The ability to monitor cluster availability and performance is imperative when we’re running millions of design simulations to test our latest software releases,” said Steve MacQuiddy, IT Director Engineering Infrastructure, Cadence Design Systems. “Having the single Platform RTM dashboard allows us to simultaneously observe the entire cluster environment and it has not only made it easier for us to better balance our workloads, but it’s also helped us optimize throughput for our critical jobs during peak usage.”
insideHPC: Can you describe how RTM would help administrators to quickly resolve issues?
Louise Westoby: The operational dashboard included with Platform RTM provides visible status indicators, enabling administrators to quickly identify and correct problems.
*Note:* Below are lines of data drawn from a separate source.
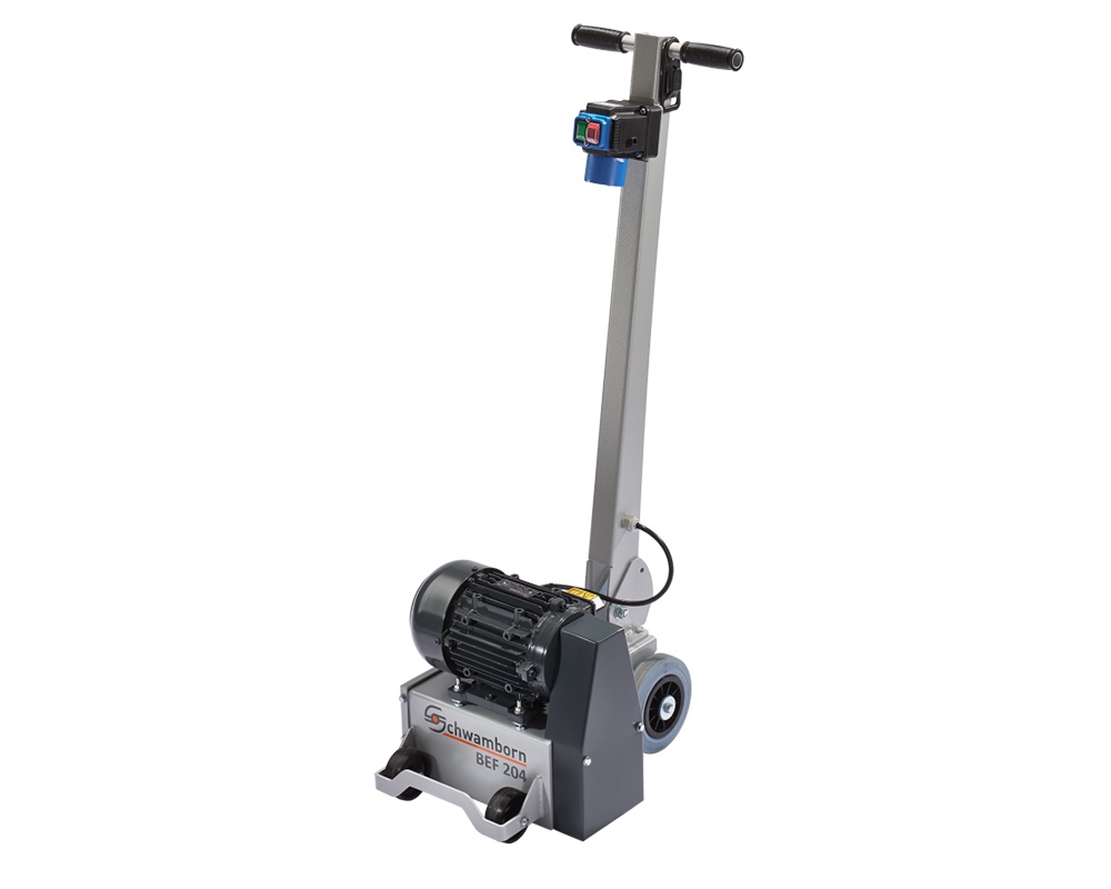 Die Schwamborn BEF204 ist eine leichte Beton- und Estrichfräse mit integrierter Randfräse für das Abtragen von Bodenunebenheiten, Überständen, Abfräsen von Beschichtungen bis zum Rand mit nur 10mm Randabstand auf Estrichböden mit einem staubdichten und damit wartungsfreien Rotorlager.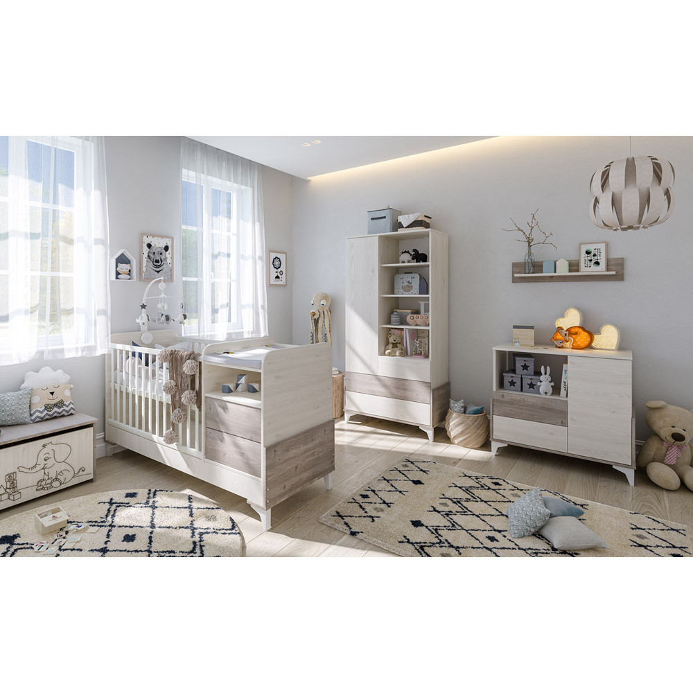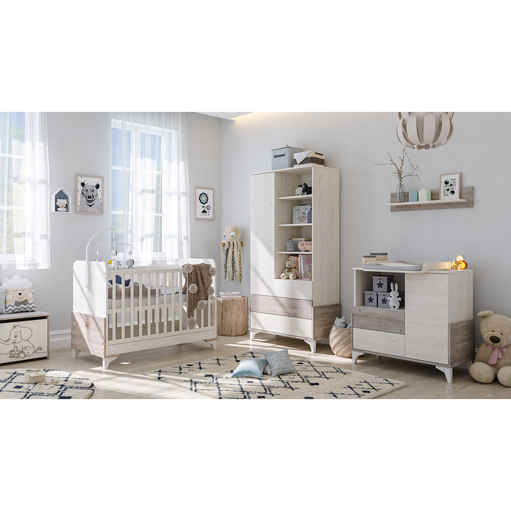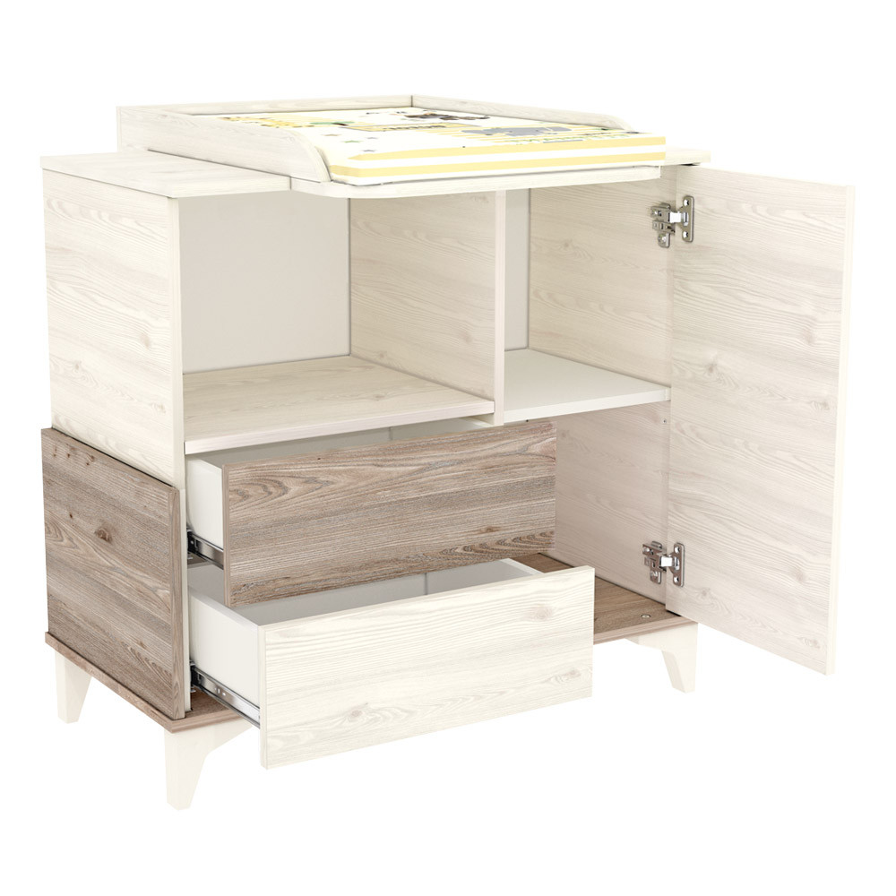 A 95-ös pelenkázó-szekrényünk rendkívül sokoldalúan és praktikusan használható a gyerekszobában, hiszen kevés helyet foglal el, ugyanakkor kialakítása miatt a legsokoldalúbb pelenkázószekrényekínálatunknak. A szekrény rendelkezik egy könnyen pakolható nyitott résszel, egy ajtóval elfedett polcos résszel és két fiókkal. Ez a sokszínû kialakítása teszi a szekrényt jól kihasználhatóvá, remekülrendszerezhetõvé.Eltolható és levehetõ pelenkázófeltétA szekrény eltolható feltéttel rendelkezik mely lehetõvé teszi a kényelmesebb pelenkázást. Mindemellett a pelenkázós idõszak végén sem kell megválnia a bútortó l, hiszen az a pelenkázófeltétlevételével normál komódként tud tovább funkcionálni a gyerekszobában, vagy a lakás bármely más pontján.A pelenkázószekrény része a pelenkázófeltét is, így azt már nem kell külön megvásárolnia!Nyomásra nyíló és záródó ajtók, és fiókokSem az ajtó sem a fiókok nem rendelkeznek fogantyúkkal mivel nyomásra nyílnak és záródnak. Az ajtó zárását emellett egy gáz-csillapítású lassan záró pánt teszi becsapódás-mentessé.AnyagaSzíntartó felületû laminált bútorlap. Laminált bútorlapjaink magas minõségû, kemény színtartó laminálással vannak ellátva. Tisztításuk ennek köszönhetõen gyors, egyszerû és biztonságos.Élek és sarkokTermékeink élei lekerekítettek. A bútorlapok élei 2 mm vastag ABS-sel kerülnek élzárásra, melyek ahagyományos élfóliákhoz képest sokkal magasabb minõséget nyújtanak. A termék minden élét és sarkát mellyel a használat során Ön vagy akár gyermeke érintkezhet ezzel az anyaggal zártuk le melynek lekerekítésének köszönhetõen a bútor nem rendelkezik éles sarkokkal és élekkel.Ívelt bükkfalábakkalA kiságy ívelt bükkfa lábakon áll, amik letisztult modern külsõt kölcsönöznek a terméknek és lehetõvé teszik a szekrény alatti rész egyszerû takarítását.MegfelelõségA kiságy teljes körûen megfelel az Európai Unió és a Magyar Szabványügyi Testület által elõírt szigorú szabványoknak.Méretek (magasság x szélesség x mélység)A szekrény mérete feltét nélkül: 87 x 94 x 45cmA szekrény mérete feltéttel: 93 x 94 x 72 cmA szekrényhez illõ pelenkázólap mérete: 70 x 50 cm*A képek csupán illusztrációk*A képen látható pelenkázólap nem része a terméknek*A pelenkázószekrény fiókjainak belseje és ajtaja mögött elhelyezkedõ polc fehér színbõl készültek.*A pelenkázószekrény kizárólag a képen látható módon szerelhetõSúly 57 kgDobozszám: 2 dobozSzállítási idõ: megrendeléstõl számított 5-8 hét!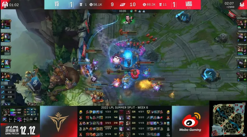 32分钟,WBG三龙汇持续推进,正面团战V5不堪一击,WBG长驱直入一波终结比赛。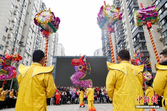 2月27日,湖北武漢,國家級非遺漢陽高龍走進(jìn)社區(qū)進(jìn)行表演,以傳統(tǒng)民俗為居民送上馬年元宵祝福。圖為高龍表演吸引民眾觀看。中新社記者 張暢 攝

For example, this would include identifying idle capacity and capacity bottlenecks, and with the capability to monitor resource consumption in real-time, administrators can tune Platform LSF scheduling policies to optimize resource utilization, reduce job pending times, and improve user satisfaction and productivity.
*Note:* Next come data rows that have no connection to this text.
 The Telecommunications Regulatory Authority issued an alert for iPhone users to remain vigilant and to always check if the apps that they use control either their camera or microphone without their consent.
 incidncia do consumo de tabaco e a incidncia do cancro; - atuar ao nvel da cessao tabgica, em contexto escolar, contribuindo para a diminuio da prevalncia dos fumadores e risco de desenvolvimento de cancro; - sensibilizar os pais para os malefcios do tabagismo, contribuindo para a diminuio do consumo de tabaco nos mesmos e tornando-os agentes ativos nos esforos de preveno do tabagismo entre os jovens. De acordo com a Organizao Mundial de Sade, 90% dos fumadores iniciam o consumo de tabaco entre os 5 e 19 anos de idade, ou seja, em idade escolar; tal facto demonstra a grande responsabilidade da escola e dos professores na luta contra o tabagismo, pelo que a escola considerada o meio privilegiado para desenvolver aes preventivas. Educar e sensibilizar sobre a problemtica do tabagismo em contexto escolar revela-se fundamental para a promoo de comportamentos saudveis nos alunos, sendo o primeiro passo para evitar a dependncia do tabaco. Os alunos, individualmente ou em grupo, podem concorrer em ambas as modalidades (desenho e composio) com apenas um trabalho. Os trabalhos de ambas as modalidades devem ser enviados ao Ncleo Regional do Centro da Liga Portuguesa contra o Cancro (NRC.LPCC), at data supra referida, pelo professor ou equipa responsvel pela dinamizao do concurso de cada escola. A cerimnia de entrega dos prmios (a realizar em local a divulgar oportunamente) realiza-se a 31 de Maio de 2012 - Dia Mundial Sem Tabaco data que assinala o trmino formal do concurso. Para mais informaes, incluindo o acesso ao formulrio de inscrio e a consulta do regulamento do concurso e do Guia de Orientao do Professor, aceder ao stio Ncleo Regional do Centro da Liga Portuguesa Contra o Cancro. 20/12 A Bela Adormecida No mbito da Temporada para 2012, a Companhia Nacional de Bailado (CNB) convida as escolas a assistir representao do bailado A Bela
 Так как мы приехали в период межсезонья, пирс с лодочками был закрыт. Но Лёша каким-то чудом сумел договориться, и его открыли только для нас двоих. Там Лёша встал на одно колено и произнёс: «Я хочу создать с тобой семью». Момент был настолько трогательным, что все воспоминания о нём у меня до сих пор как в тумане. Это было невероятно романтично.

insideHPC: Does RTM mask complexity, or does it help to remove complexity?
Louise Westoby: Platform RTM helps eliminate the complexity associated with monitoring and reporting on the status of the workload. Unlike typical monitoring tools that only monitor the infrastructure, Platform RTM is workload and resource-aware, providing full visibility into the utilization of Platform LSF clusters. It provides a single aggregated dashboard to monitor all workload scheduling facets, including global clusters, hosts, jobs, licenses, queues, users and applications. With its broad set of capabilities, Platform RTM can replace multiple tools or home-growth scripts in typical cluster environments with a single easy-to-use, monitoring tool. This results in improved productivity for administrators and users alike as well as reduced cost and complexity.
insideHPC: What capabilities does Platform Analytics enable for system resource planning?
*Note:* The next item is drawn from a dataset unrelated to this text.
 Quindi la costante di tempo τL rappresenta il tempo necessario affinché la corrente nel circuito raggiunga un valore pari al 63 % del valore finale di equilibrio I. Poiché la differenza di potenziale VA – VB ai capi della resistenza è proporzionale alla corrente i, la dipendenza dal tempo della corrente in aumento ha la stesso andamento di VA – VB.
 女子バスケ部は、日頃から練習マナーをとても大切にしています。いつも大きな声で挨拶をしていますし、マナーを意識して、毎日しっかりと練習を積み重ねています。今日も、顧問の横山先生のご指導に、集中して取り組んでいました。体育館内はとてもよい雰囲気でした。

Louise Westoby: Platform Analytics enables managers, planners and administrators to easily correlate massive amounts of historical workload usage data — jobs, resources and license usage data — from one or more Platform LSF clusters for future decision-making. Also, as with traditional analytics tools, external data sources can be easily combined with workload data to provide data views tailored specifically to an organization’s unique requirements, without the need to build intermediate data views. Platform Analytics turns this data into usable information, making it easy to identify changes in usage patterns. By understanding application and hardware utilization over time, planners can make better decisions, intercept trends, consolidate under-utilized assets more quickly, and ensure that spending is efficient and aligned to business needs.
insideHPC: Can you describe a specific use case where Platform Analytics helped a customer with resource planning?
Louise Westoby: Red Bull Racing uses Platform Analytics to track their cluster usage and identify potential problems that might interfere with running design tests, which are typically very time sensitive and critical to the success of the racing team at the next Formula One event. The software enables the design team to plan for peak resource usage at heavy test times so that the design process runs smoothly.
insideHPC: Why is home-grown scripting not a viable option any more for today’s datacenters?
Louise Westoby: Home-grown scripting is still a viable option for today’s datacenters. However, there are two key reasons datacenters are moving away from scripting. First of all, it is time consuming and introduces a significant amount of complexity in the environment. This is where a product such as Platform Analytics provides a particular benefit by automating the data extraction, correlation and analysis, without the need for complex scripts or intermediate steps.
Secondly, In recent years a new generation of HPC users have emerged that are highly skilled in their area of expertise, but are not computer scientists. They learned how to interact with computer systems – from gaming consoles to smart phones to laptops – using an interactive GUI, and therefore require an easy to use interface. This is why products such as Platform Application Center has become a critical part of Platform Computing’s HPC offering. The product’s easy to use interface makes it easier for users to run HPC applications without programming. For example, the included application-specific job submission templates eliminate the need for complex wrapper scripts, significantly reducing the amount of time it takes to integrate the application with Platform LSF while minimizing user errors during job submissions.
insideHPC: Do you have beta customers for these products? What has been their reaction?
Louise Westoby: The Beta program for these products was very successful. Cadence Design Systems and Simulia both participated in the program and, as you can see from the quotes they provided for the press release, were very happy with the results.